先日三階から一階まで階段を駆け下りた日の夜、なかなか体が疲れてしまい次の日も辛かったので、できる限り急ぎつつ早歩きだ。
「クラウス!遅れてごめん!」
「やっと来たか。とりあえずこの木の葉のサンプリングから始めてくれ。」
クラウスの圃場を手伝うようになってから、数日が経った。
リアナが圃場に来られる放課後に、水やりや種まき、器具の清掃などを行っている。
クラウスに対してずっと敬語だったリアナだったが、クラウスにやめさせられた。
「同じ年齢なのだから敬語はやめてくれ。」
「で、でも、高貴なお方ですので」
「ただの肩書だ。それとクラウスでいい。

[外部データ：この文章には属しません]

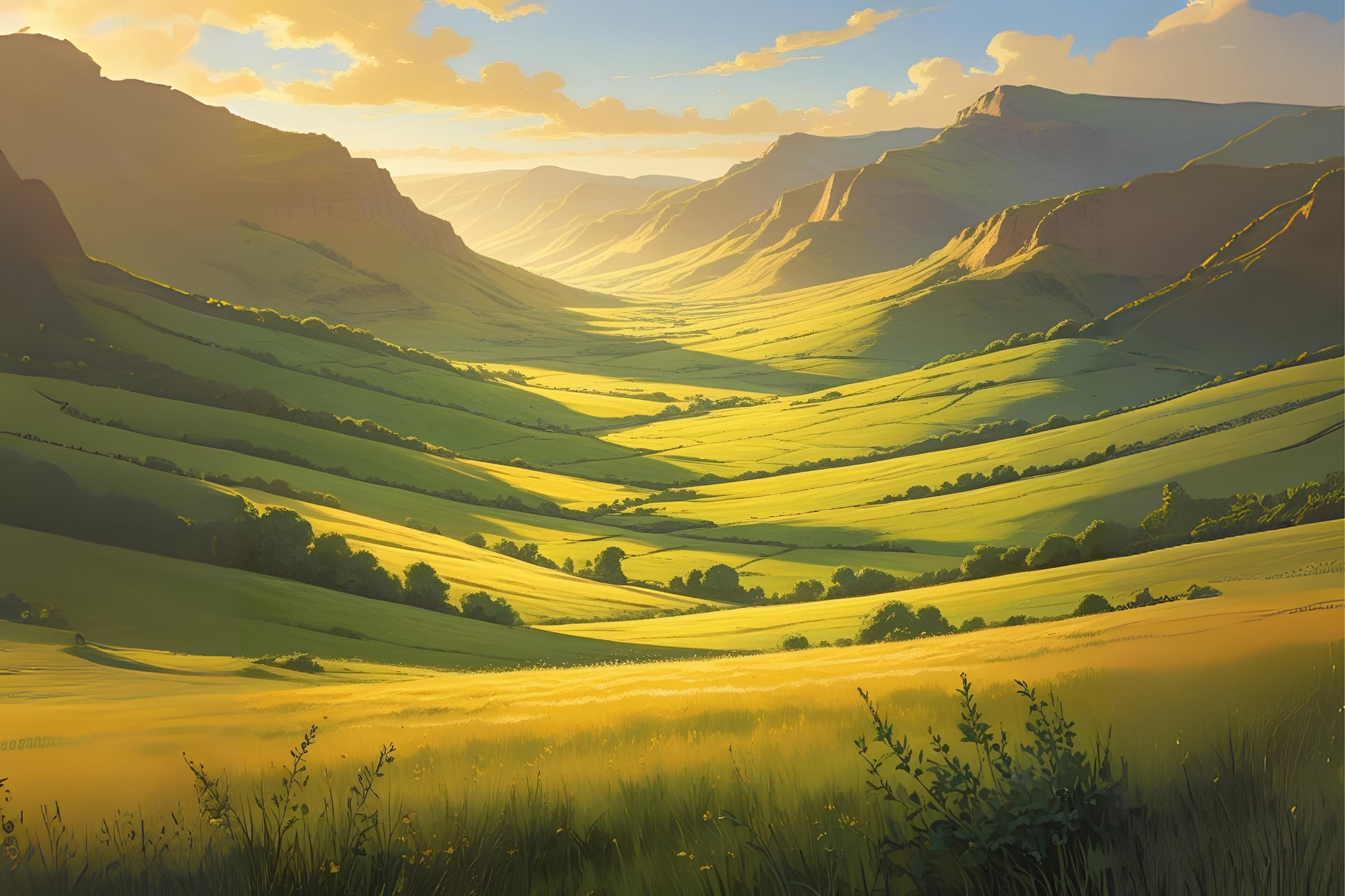 Golden Fold Meadow features layered fields touched by late sun — each fold of land glowing softly, each curve resting in the next. An ode to nature’s rhythm
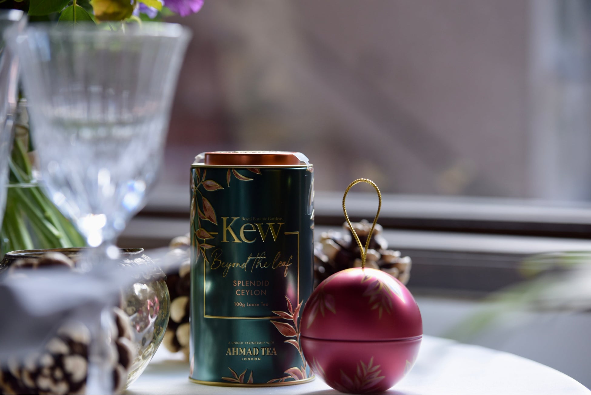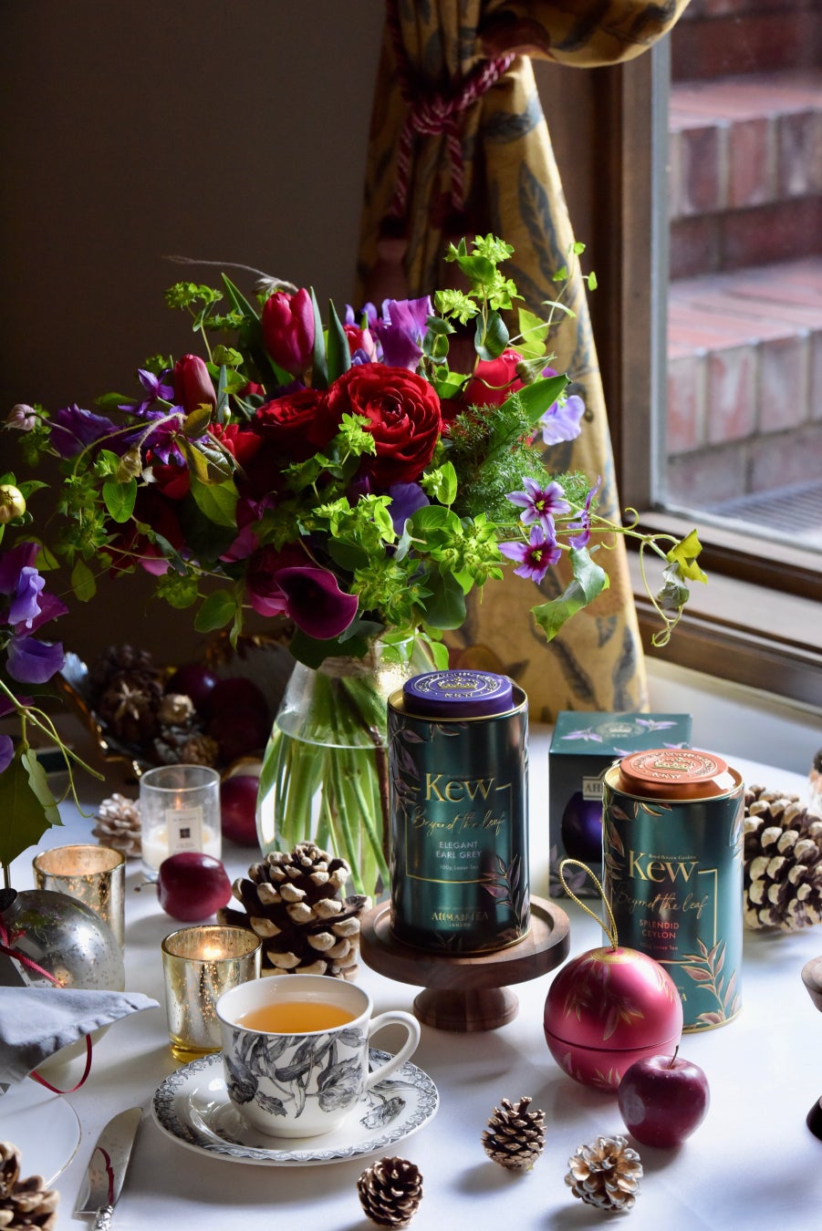 クリスマスにピッタリな花束と、アーマッドティーの英国王立植物園「キューガーデン」シリーズの紅茶をセットにしました。紅茶はクリスマス限定の「キューガーデンズ オーナメント缶(25g)」1種類と「キューガーデンズ リーフティー缶(100g)」1種類をそれぞれ一つずつ組み合わせて、花束と一緒にお送りします。ご自宅でのパーティーでも、ご友人やご家族へのプレゼントにも最適です。

」
クラウスは自分の身分にあまり頓着していないようだ。
そうして、最初は慣れなかった砕けた口調も、徐々に自然になりつつある。
「この木、赤い実が生ってる!」
「ああ、これはタイリクアカイチゴだ。本来寒さに弱い果樹だが、ここに植わっているものは北の豪雪地帯で見つかったものでな。分子学的に解析してほしいと僕の所に依頼が来たんだ。」
「へぇ、じゃあ逆に暖かい気候が適さなくなってたり?」
「実はその通りだ。耐寒性を司る遺伝子が関わっていると僕は検討をつけていてな……」
クラウスの流れるような解説を聞きながら、ビニールハウスの隣に植えてある木を観察する。何本かの木が一列に整列しており、青々と生い茂る葉の中に小さい赤い実が塊のように一つにまとまって生っていた。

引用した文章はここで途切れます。